Personal information
- Date of birth: 1893
- Place of birth: Darlaston, England
- Date of death: Unknown
- Height: 5 ft 8 in (1.73 m)
- Position: Outside right

Youth career
- Darlaston

Senior career*
- Years: Team / Apps / (Gls)
- 1920–1923: Cardiff City / 9 / (1)
- 1923–1925: Manchester United / 6 / (2)
- 1925–1926: Pontypridd
- Total:  / 15 / (3)

= Sidney Evans (footballer) =

English footballer

Sidney T. Evans (1893 – after 1925) was an English footballer who played as an outside right. He was born in Darlaston, near Walsall.
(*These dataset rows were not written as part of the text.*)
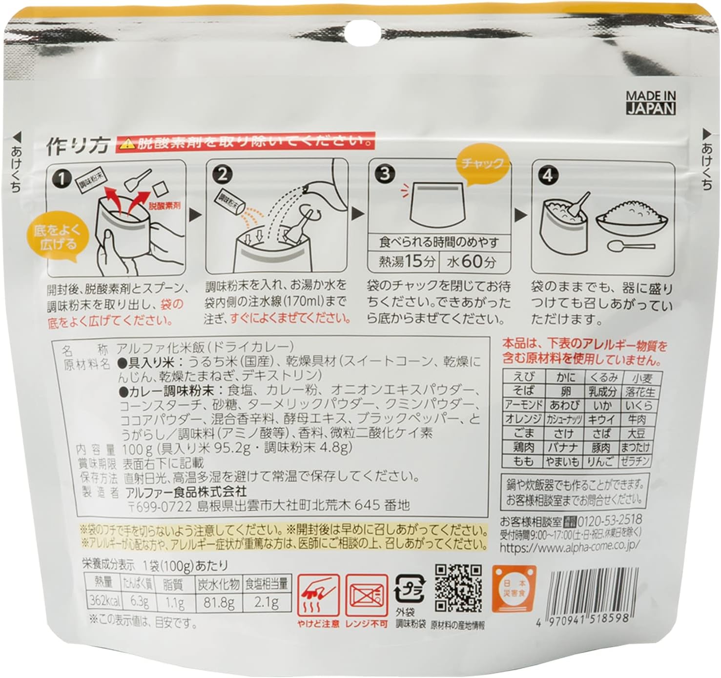 采用特定原材料等(过敏物质)28种不使用眼睛的食物过敏性的长期保存食品。 使用日本产米100%。 这是一款有着吸引食欲的香料丰富的干咖喱。 内容量/100g⇒美味量/270g(1杯大份量) 只需注入热水或水即可轻松烹饪。 (热水15分钟、水(20℃)60分钟) 无需餐具:因为里面放入汤匙,袋子就会变成容器,所以可以直接食用。 设计特制:从生产日起保存5年。 轻便小巧,便于携带,收纳性优异。 Rolling Stick是什么? :日常吃紧急食物,吃完后可重复购买,是一款家庭储备的方法。 "如果介意的话,保质期会大幅变大"的失败的同时,可以提供适合食用的物品。 安心米各种菜肴,烹饪也很简单! 适合户外、露营等平时使用,也适合作为骑行服。 ※日本灾害食品学会认证·哈拉尔认证商品 ISO22000、FSSC22000认证工厂制造。 蛋白质6.3克、脂肪1.1克、碳水化合物81.8克、食盐相当量2.1克(每袋)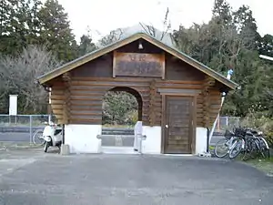 The station, which is unstaffed, consists of a side platform serving a single track. Across the track can be seen another, disused side platform as well as the track bed of a second track which has since been removed. A siding branches off the track and ends behind the platform and is used by track maintenance equipment. A small station building built in a loghouse style serves as a waiting room. A separate weather shelter is provided on the platform itself.[2][3]
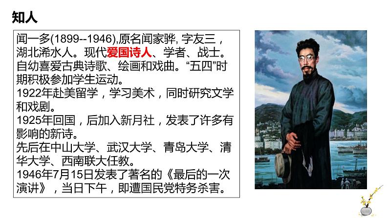 闻一多(1899--1946),原名闻家骅, 字友三,湖北浠水人。现代爱国诗人、学者、战士。 自幼喜爱古典诗歌、绘画和戏曲。“五四”时期积极参加学生运动。1922年赴美留学,学习美术,同时研究文学和戏剧。1925年回国,后加入新月社,发表了许多有影响的新诗。先后在中山大学、武汉大学、青岛大学、清华大学、西南联大任教。1946年7月15日发表了著名的《最后的一次演讲》,当日下午,即遭国民党特务杀害。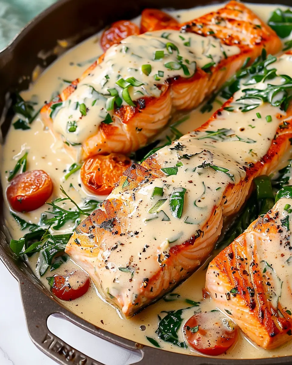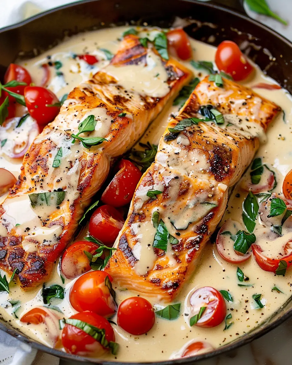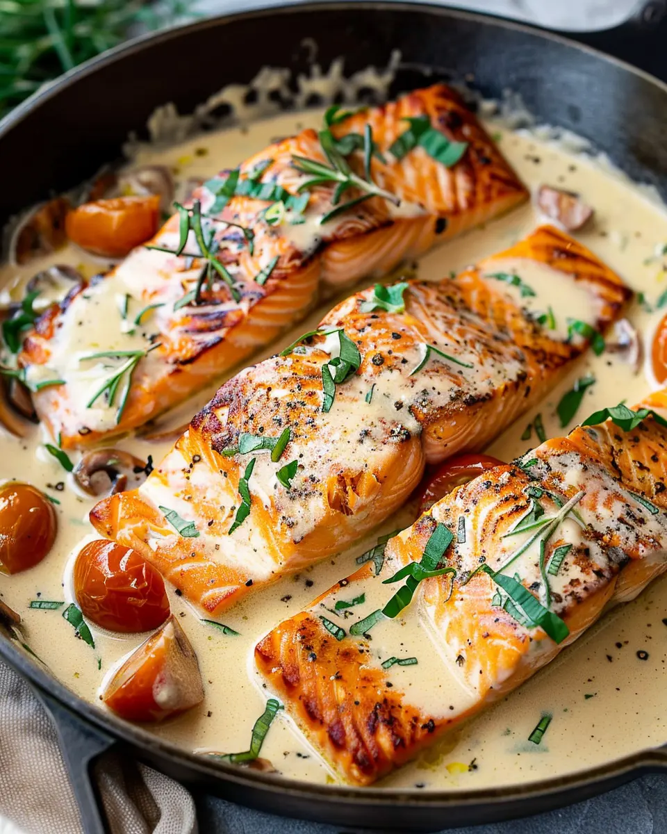 A deliciously rich dish of salmon fillets served in a creamy Parmesan sauce with Tuscan flavors.

After being spotted playing amateur football, Evans was brought to Cardiff City by then manager Fred Stewart in the club's first season in The Football League, making his debut in a 1–0 defeat to Leeds United. In his second game, he scored what would later turn out to be his only goal for the club during a 3–0 victory over Nottingham Forest. Having helped the club to win promotion to the First Division in 1921, he struggled to make an impact on the side in his second year due to the performances of Billy Grimshaw and left the club in May 1923, signing for Second Division side Manchester United. There he played as back-up to Joe Spence, but he did not make his debut until April 1924, playing in the last six matches of the 1923–24 season, as the forward line was shuffled to cover the absent James Miller. His only two goals came in the 2–2 draw at home to Clapton Orient on 21 April 1924. Spence was ever-present in the 1924–25 season as Manchester United were promoted back to the First Division, and Evans took the opportunity to leave the club for Southern League side Pontypridd in August 1925.